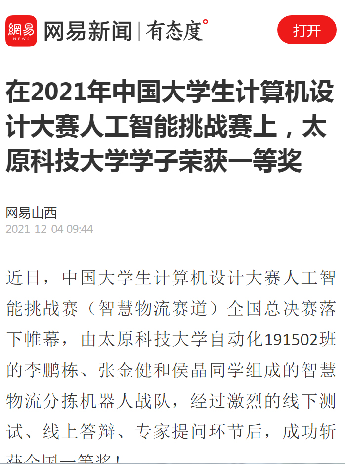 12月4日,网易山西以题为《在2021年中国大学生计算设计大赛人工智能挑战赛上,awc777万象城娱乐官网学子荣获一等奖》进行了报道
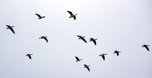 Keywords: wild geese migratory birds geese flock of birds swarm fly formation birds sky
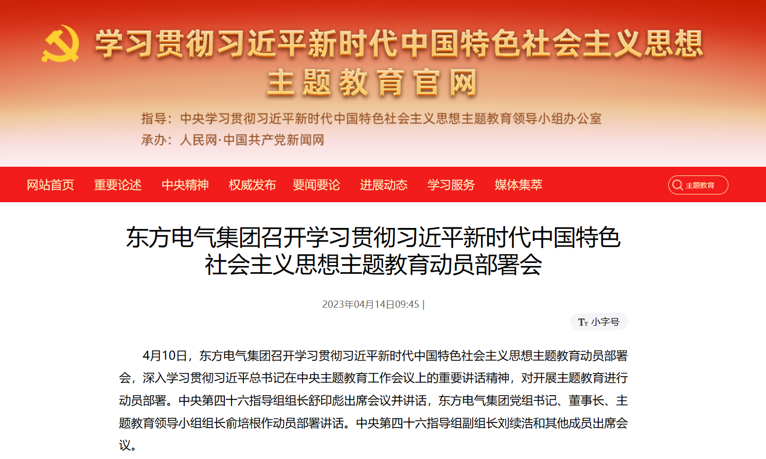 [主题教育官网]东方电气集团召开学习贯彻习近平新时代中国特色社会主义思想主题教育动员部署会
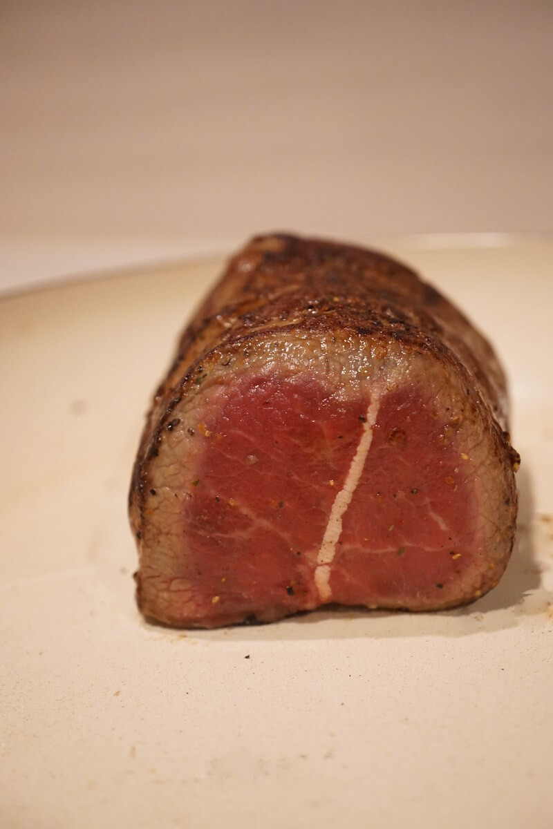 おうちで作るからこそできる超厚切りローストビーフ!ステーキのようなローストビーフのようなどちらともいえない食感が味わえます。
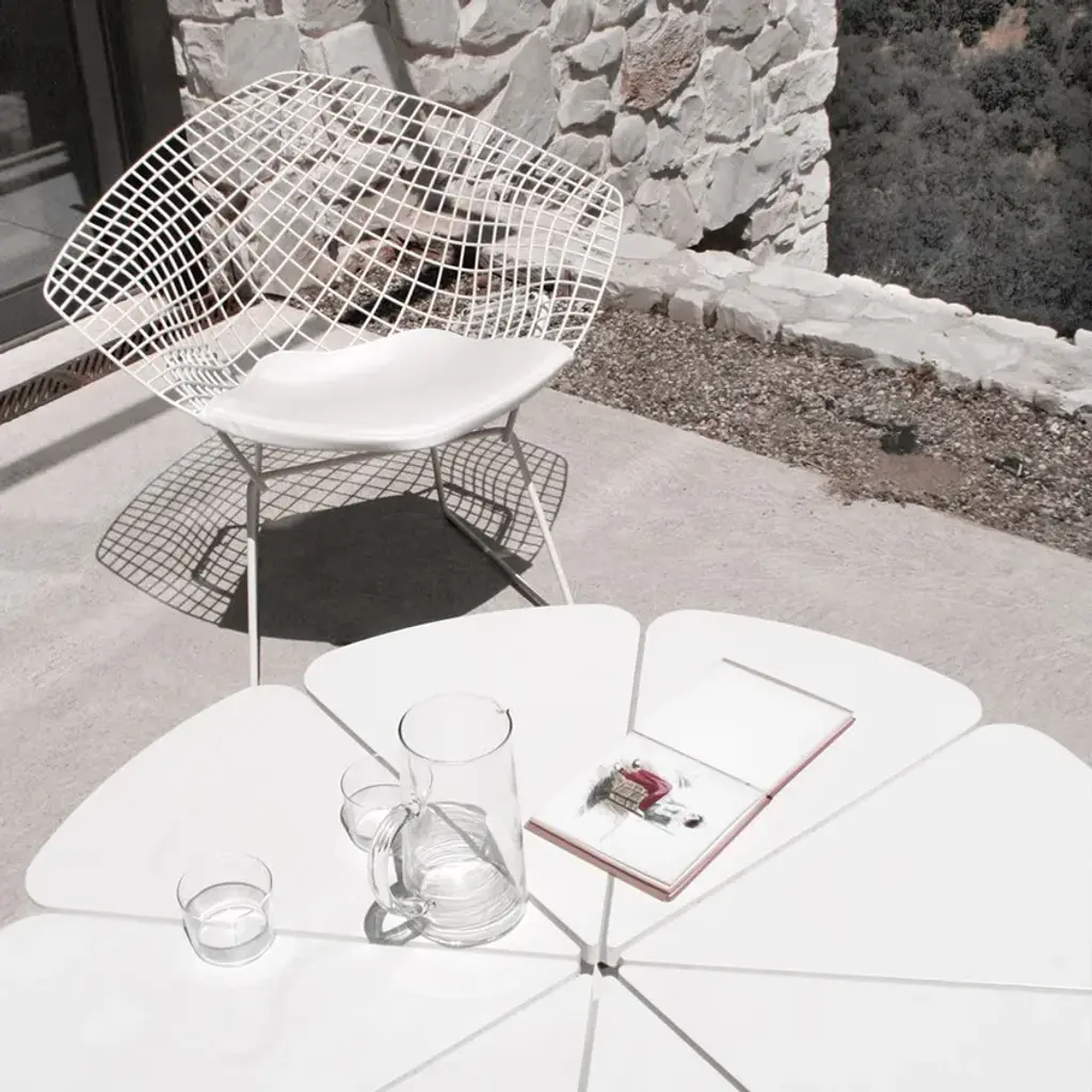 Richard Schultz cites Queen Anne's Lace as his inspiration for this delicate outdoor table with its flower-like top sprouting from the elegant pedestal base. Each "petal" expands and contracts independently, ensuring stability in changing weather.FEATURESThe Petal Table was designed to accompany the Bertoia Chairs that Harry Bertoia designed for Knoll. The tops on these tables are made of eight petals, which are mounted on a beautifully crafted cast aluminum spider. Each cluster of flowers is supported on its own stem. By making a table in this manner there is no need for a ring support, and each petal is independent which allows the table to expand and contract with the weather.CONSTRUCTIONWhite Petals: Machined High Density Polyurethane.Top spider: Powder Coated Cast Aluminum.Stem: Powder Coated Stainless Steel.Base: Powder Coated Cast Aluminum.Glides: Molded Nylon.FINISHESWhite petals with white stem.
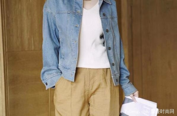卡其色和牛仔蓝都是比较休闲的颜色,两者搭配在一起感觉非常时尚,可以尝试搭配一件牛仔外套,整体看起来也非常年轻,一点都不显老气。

### Required work
When copying from the data above, print only the lines from the line containing "[主题教育官网]东方电气集团" to the line containing "おうちで作るからこそできる超", exactly, and leave the pictures out.

### Result of this task
 [主题教育官网]东方电气集团召开学习贯彻习近平新时代中国特色社会主义思想主题教育动员部署会
 おうちで作るからこそできる超厚切りローストビーフ!ステーキのようなローストビーフのようなどちらともいえない食感が味わえます。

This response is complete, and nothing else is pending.